Joint communications and sensing (JCAS) is envisioned as a key feature in future wireless communications networks. In massive MIMO-JCAS systems, hybrid beamforming (HBF) is typically employed to achieve satisfactory beamforming gains with reasonable hardware cost and power consumption. Due to the coupling of the analog and digital precoders in HBF and the dual objective in JCAS, JCAS-HBF design problems are very challenging and usually require highly complex algorithms. In this paper, we propose a fast HBF design for JCAS based on deep unfolding to optimize a tradeoff between the communications rate and sensing accuracy. We first derive closed-form expressions for the gradients of the communications and sensing objectives with respect to the precoders and demonstrate that the magnitudes of the gradients pertaining to the analog precoder are typically smaller than those associated with the digital precoder. Based on this observation, we propose a modified projected gradient ascent (PGA) method with significantly improved convergence. We then develop a deep unfolded PGA scheme that efficiently optimizes the communications-sensing performance tradeoff with fast convergence thanks to the well-trained hyperparameters. In doing so, we preserve the interpretability and flexibility of the optimizer while leveraging data to improve performance. Finally, our simulations demonstrate the potential of the proposed deep unfolded method, which achieves up to 33.5% higher communications sum rate and 2.5 dB lower beampattern error compared with the conventional design based on successive convex approximation and Riemannian manifold optimization. Furthermore, it attains up to a 65% reduction in run time and computational complexity with respect to the PGA procedure without unfolding.
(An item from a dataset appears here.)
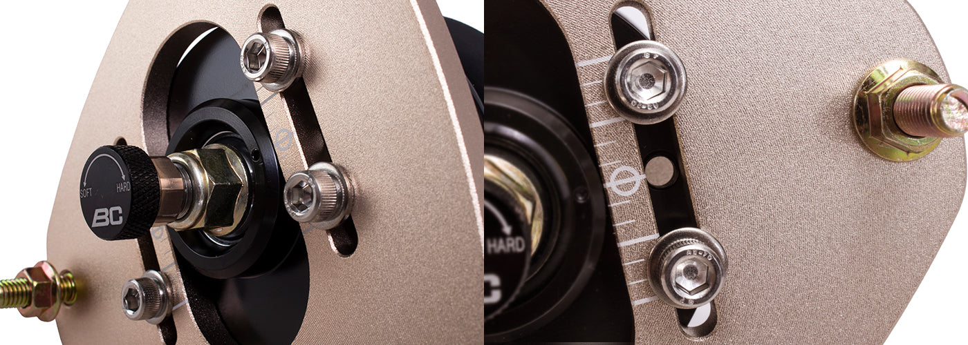 If its possible to include camber adjustment on your vehicle then the BC Racing coilovers automatically include camber adjustable aluminium pillowball top mounts. These feature the same high quality Japanese manufactured pillowball but give the added benefit of an adjustable top mount that allows camber to be set to suit your needs be it road, track or drift.
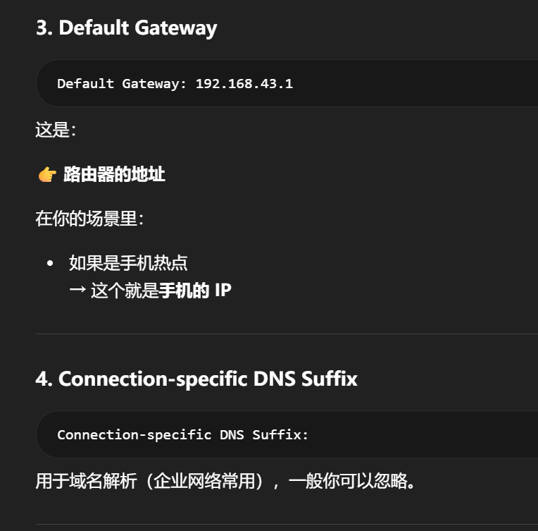 而在手机热点场景里,电脑要出网只能先交给手机,所以手机自然就是网关。

翻译：联合通感（JCAS）被视为未来无线通信网络的关键特性。在大规模MIMO-JCAS系统中，通常采用混合波束赋形（HBF）以在合理的硬件成本和功耗下获得满意的波束赋形增益。由于HBF中模拟与数字预编码器的耦合以及JCAS的双重目标，JCAS-HBF设计问题极具挑战性，通常需要高度复杂的算法。本文提出一种基于深度展开的JCAS快速HBF设计方法，以优化通信速率与感知精度之间的权衡。我们首先推导出通信与感知目标函数关于预编码器的梯度闭式表达式，并证明模拟预编码器相关梯度的幅值通常小于数字预编码器对应的梯度。基于此发现，我们提出一种改进的投影梯度上升（PGA）方法，显著提升了收敛速度。随后，我们开发了一种深度展开的PGA方案，借助训练良好的超参数，在快速收敛的同时高效优化通感性能权衡。该方法在保持优化器可解释性与灵活性的基础上，利用数据提升性能。仿真结果表明，所提出的深度展开方法相比基于连续凸近似与黎曼流形优化的传统设计，通信和速率提升高达33.5%，波束方向图误差降低2.5 dB。此外，相较于未展开的PGA过程，该方法运行时间与计算复杂度可降低65%。